Я предвижу, что потери в предстоящем столкновении будут высокими.
Первая боеголовка-дисраптор летит по дуге с юго-запада, двигаясь высоко и быстро, почти невидимая под прикрытием маскировочной брони. Несмотря на свою скорость и скрытность, каждый Боло на этом поле чувствует ее приближение. Имджин — “Джимми”, как его теперь называют люди, — сначала реагирует противоартиллерийским лазерным импульсом, который испаряет снаряд в двенадцати километрах от дворца. Амриль Нарн издает что-то неразборчивое, а затем бросается в безопасное место внутри дворца. Неважно. Преторианцы уже двигаются, рассеиваясь по полю обзора, крутящиеся гусеницы превращают утрамбованную поверхность в комья земли и летящую пыль. За этим первым снарядом следует 57-секундный залп из более чем семисот дизрапторных снарядов, разогнанных ракетами до гиперзвуковых скоростей и наводящихся на изображения, передаваемые вражескими спутниками управления боем.

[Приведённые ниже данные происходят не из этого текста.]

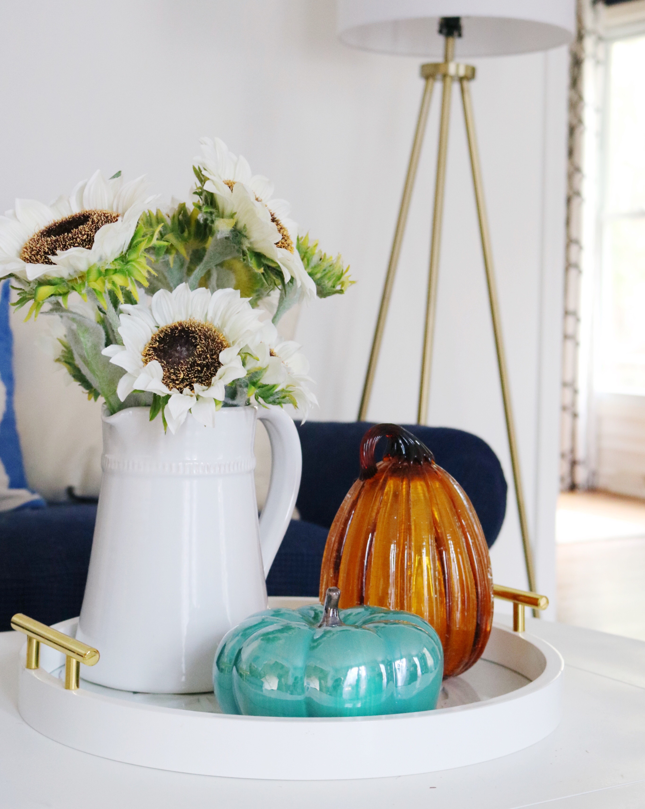 So I’ve completely switched to fall decor that is blue and white (I’ll occasionally throw in a mini orange pumpkin, mostly for L).  This post is for anyone struggling to find a nice balance of mixing your vibe with seasonal decor, I’m providing some ideas that have worked for me.  Please remember, I am not an expert in interior design – I just enjoy decorating our home and making it aesthetically pleasing to my eye.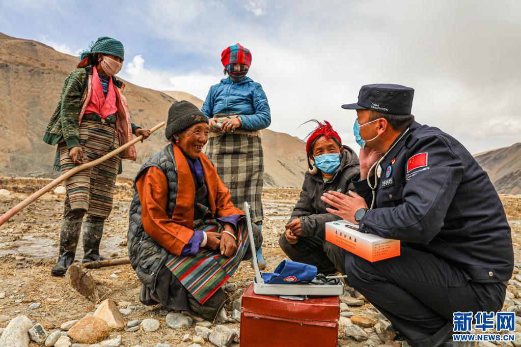 珠峰邊境派出所民警前往轄區(qū)為正在農(nóng)作的群眾義診,并為他們發(fā)放藥品。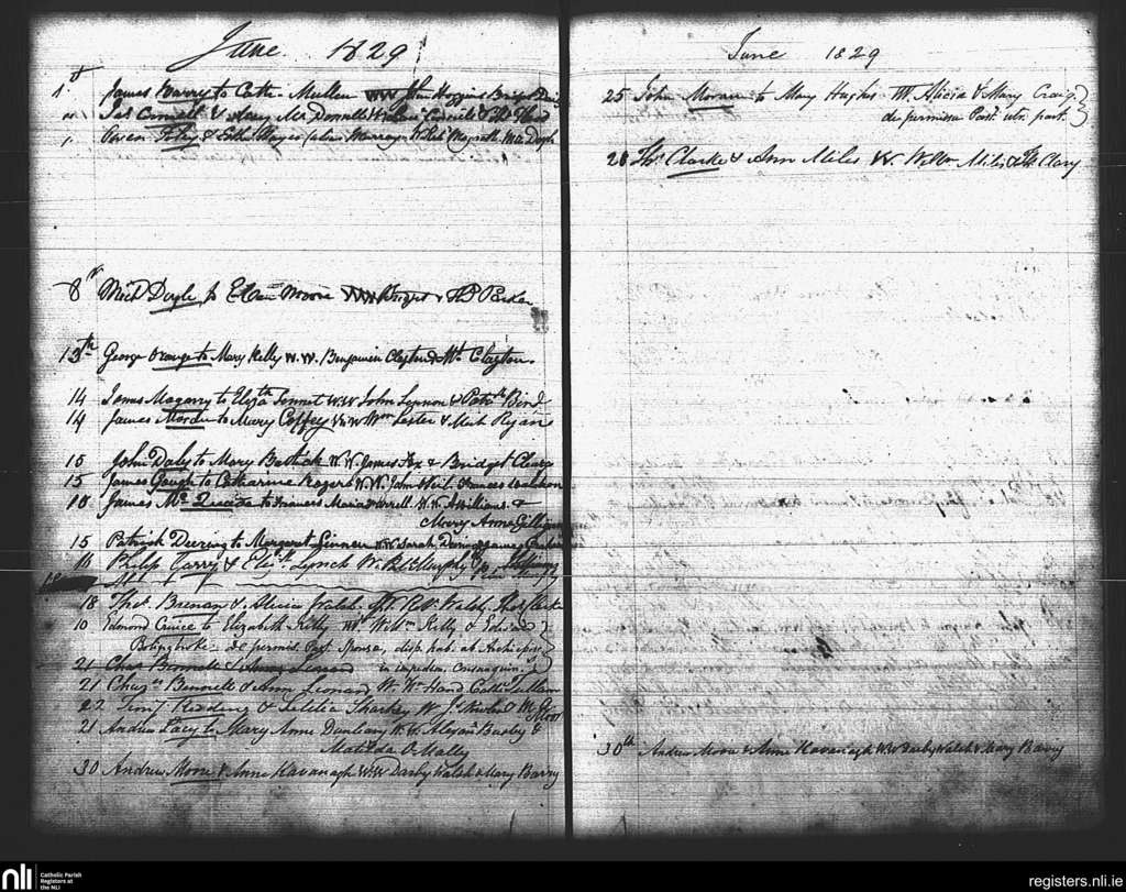 St. Mary's, Dublin city; County of Dublin; Archdiocese of Dublin. Marriages, June 1829

Защитные экраны Дворца смыкаются позади нас, окутывая здание на склоне холма бледно-искрящимся прозрачным светом. Я отмечаю приближающийся снаряд инфракрасным лазером дальнего действия, а затем запускаю противоартиллерийский импульс. В течение следующих 3,8 секунд я помечаю и испаряю еще сорок две боеголовки. Только когда взрывы начинают сотрясать ландшафт вокруг меня, я понимаю, что те первые снаряды были своего рода приманкой, чем — то таким, что отвлекало бы внимание противоартиллерийских лазеров Боло, пока облако боеголовок гораздо меньшего размера — высокоточных бомб длиной с палец человека — опускается на поле боя.
Земля вокруг меня сотрясается, раздается грохот, треск, адское извержение взрывов, каждый из которых сам по себе не более мощный, чем взрыв осколочной гранаты пехотинца, но разрушительный, как ядерное оружие малой мощности, когда оно выпущено, подобно дробовику, роем, насчитывающим десятки тысяч отдельных высокоскоростных снарядов.
Защитный экран вокруг дворца мерцает в отраженном свете многочисленных высокоэнергетических взрывов; скалистый склон горных высот за ним изгибается, прогибается и растворяется под этим натиском, в то время как на западе поверхность озера исчезает в белой пене несущихся брызг. Шрапнель со звоном отскакивает от моей брони, взрывы сотрясают и бьют меня, но я продолжаю двигаться, устремляясь вперед, в то время как осколки осыпают меня, как мокрый снег. У людей-солдат оборонительных сил, оказавшихся на открытом месте под градом взрывчатки, нет ни единого шанса. Даже одетые в боевую броню, большинство из них так или иначе попадают под взрывы, а затем их разносит в клочья смертоносный шторм высокоскоростной шрапнели, который сдирает броневую оболочку, как старая краска плавится под пескоструйным аппаратом.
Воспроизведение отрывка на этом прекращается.